La grève générale appelée en Espagne ce mercredi 15 octobre se poursuit malgré les accords de paix en Palestine. Les différents syndicats maintiennent leurs appels à exprimer leur solidarité avec les Palestiniens et exigent, entre autres raisons, que les accords conclus pour mettre fin à la guerre dans la bande de Gaza et en Cisjordanie soient respectés.
Différentes organisations syndicales ont enregistré plusieurs appels auprès des autorités du travail afin d’offrir une couverture légale aux travailleurs qui décident d’y adhérer. Les travailleurs qui souhaitent adhérer peuvent le faire sans avoir à informer au préalable leur entreprise ou ses responsables de leur intention de faire grève.
Parmi les organisations organisatrices figurent diverses centrales syndicales. Les Commissions ouvrières (CCOO) et l’Union générale des travailleurs (UGT), les deux syndicats majoritaires en Espagne, ont opté pour un appel à la grève partielle.
Ils ne sont pas les seuls. D’autres syndicats, comme la CGT ou l’IAC – cette dernière ayant un poids important dans l’administration de la Generalitat – ont également appelé à la grève.
La protestation peut être partielle ou totale, afin que chaque travailleur puisse exercer son droit de grève pendant certaines plages horaires, pendant quelques minutes ou pendant toute sa journée de travail.
Dans le cas de CCOO et UGT, les grèves ont été réparties en trois périodes spécifiques : de 2 à 4 heures du matin, de 10 à 12 heures du matin et de 5 à 7 heures de l’après-midi.
D’autres syndicats, comme la CGT ou l’IAC – cette dernière ayant un poids important dans l’administration de la Generalitat – ont appelé à une grève totale. Autrement dit, ils appellent les travailleurs à cesser toute activité tout au long de la journée de travail.
Les travailleurs qui souhaitent seulement s’arrêter quelques minutes et se concentrer aux portes de leurs bureaux, usines ou magasins peuvent le faire à tout moment de leur journée de travail.
Les syndicats affirment que les récents accords ne garantissent toujours pas une paix durable ni des conditions équitables pour la population palestinienne. Ils exigent, entre autres, que le cessez-le-feu soit permanent et vérifiable, qu’un accès immédiat à l’aide humanitaire soit assuré et que la reconstruction de Gaza se concentre sur les besoins de sa population, en évitant la spéculation étrangère.
CCOO et UGT exigent que le contrôle de Gaza par l’État palestinien soit établi dans un délai précis et que les troupes israéliennes soient immédiatement retirées de tous les territoires palestiniens, y compris des colonies illégales.
Du côté de la CGT, ils voient l’accord de paix comme le résultat de la coercition, « sous la menace de dévaster le peuple palestinien en toute impunité ». Et ils appellent les travailleurs à se mobiliser, car « Israël a déjà ignoré d’autres accords de cessez-le-feu et celui-ci ne réunit pas les conditions nécessaires pour penser qu’il en sera autrement ».
Un dénominateur commun entre les différents appels est l’embargo total sur les armes contre Israël et l’interdiction effective du commerce des armes dans le présent et dans le futur.
Les travailleurs qui décident de participer à la grève générale du 15 octobre ne sont pas tenus d’en informer leur entreprise au préalable.
Toutefois, l’entreprise peut exiger la présence sur le lieu de travail des salariés inclus dans les services minimaux décrétés par la Generalitat de Catalogne.

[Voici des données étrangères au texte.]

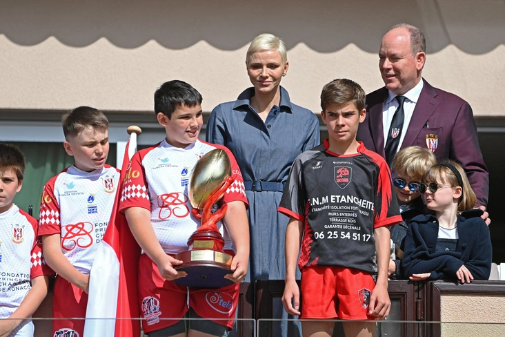 Шарлен вместе с князем Альбером отправилась на турнир по регби Сент-Девот, соведущей которого была сама княгиня. К королевской паре также присоединились их семилетние близнецы принцесса Габриэлла и принц Жак.
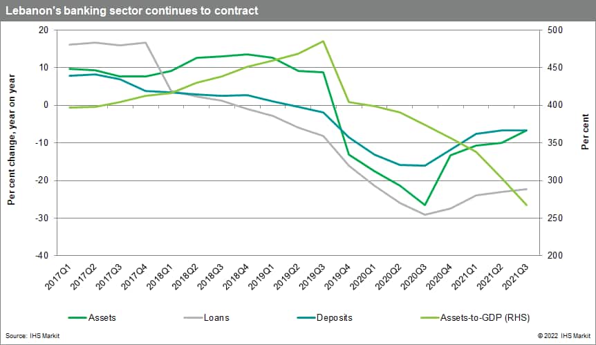 In October 2021, Lebanon contracted with a third-party auditor to estimate the size of the BDL's debt burden and potential losses. Originally contracted for completion within 12 weeks, the audit by Alvarez and Marsal could be completed in February, having reportedly been delayed because of a lack of BDL responsiveness to data requests. Quantifying the scale of BDL losses is a critical first step in Lebanon restarting stalled talks with the International Monetary Fund (IMF) seen as needed to restructure the banking sector. IHS Markit experts previously noted that sovereign debt holdings (10% of total assets) and deposits at the BDL (60% of total assets) make up most of the banking sector's assets. Based on recent government payments, we estimate that a de facto reduction of 50% on local currency-denominated debt and 92% on foreign currency-denominated debt has already occurred - a likely indication of what could be considered sustainable going forward.

Pour déterminer si un travailleur ne fait pas partie de ces services, l’entreprise doit fournir un préavis plusieurs heures avant le début de sa journée de travail.
Les transports publics pourraient être affectés pendant le jour de grève, même si la fourniture des services essentiels sera garantie. En Catalogne, les trains Renfe Rodalies et Regional fonctionneront avec 66 % du service habituel tout au long de la journée.

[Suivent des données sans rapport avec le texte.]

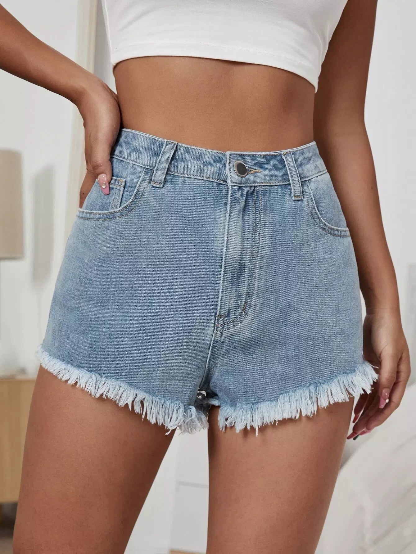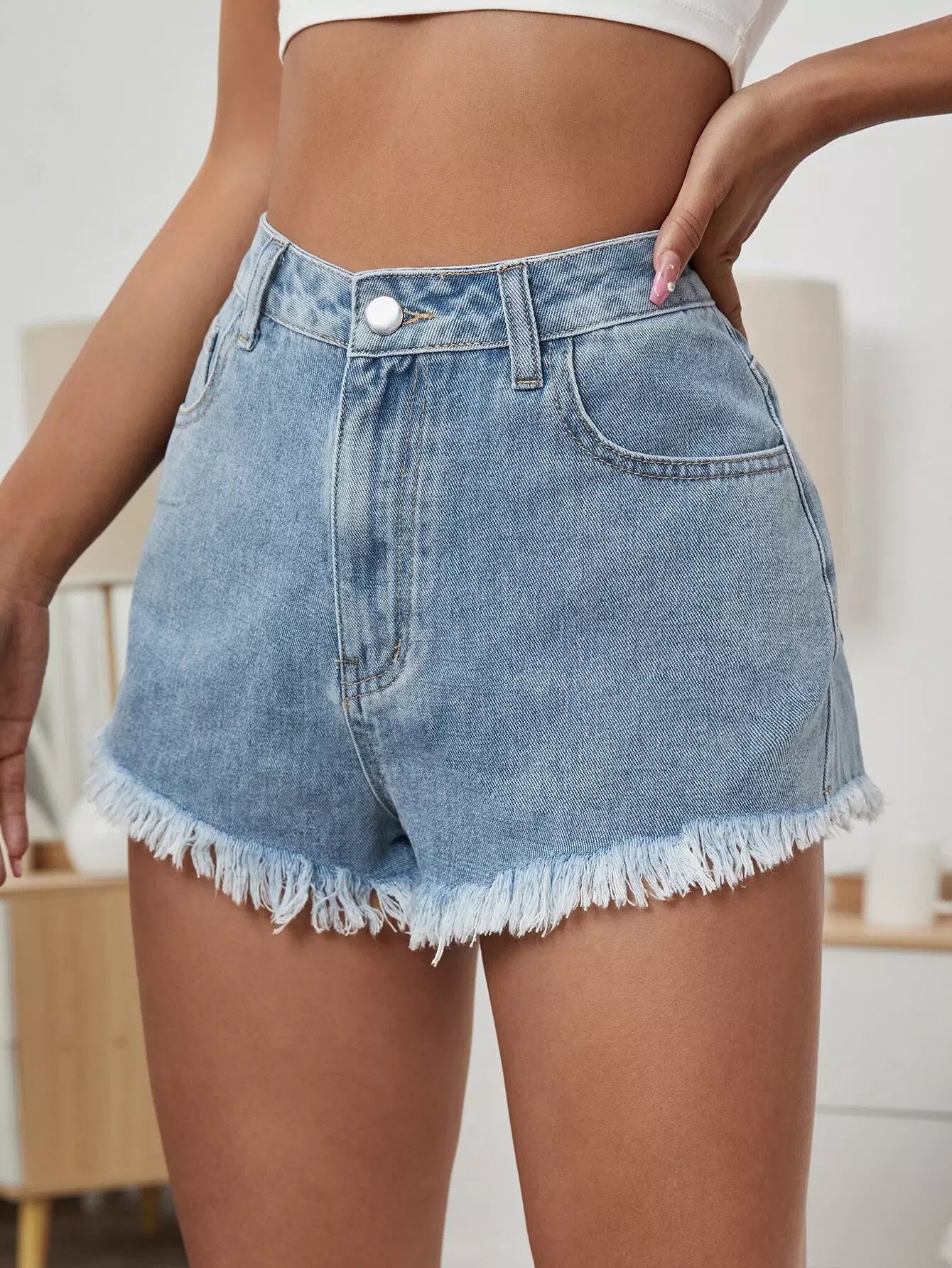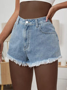 High Waist Raw Hem Denim Shorts

Le métro, les bus des Transports Métropolitains de Barcelone (TMB), les Ferrocarrils de la Generalitat (FGC) et le tramway circuleront également à 66 % de leur capacité habituelle.
Le reste des services urbains et interurbains, y compris le bus Barcelone-aéroport, fonctionneront avec le même pourcentage, garantissant au moins un aller-retour complet.
Le transport des personnes handicapées continuera avec le service habituel, tandis que le transport scolaire vers les centres préscolaires et primaires sans alternative publique sera également garanti.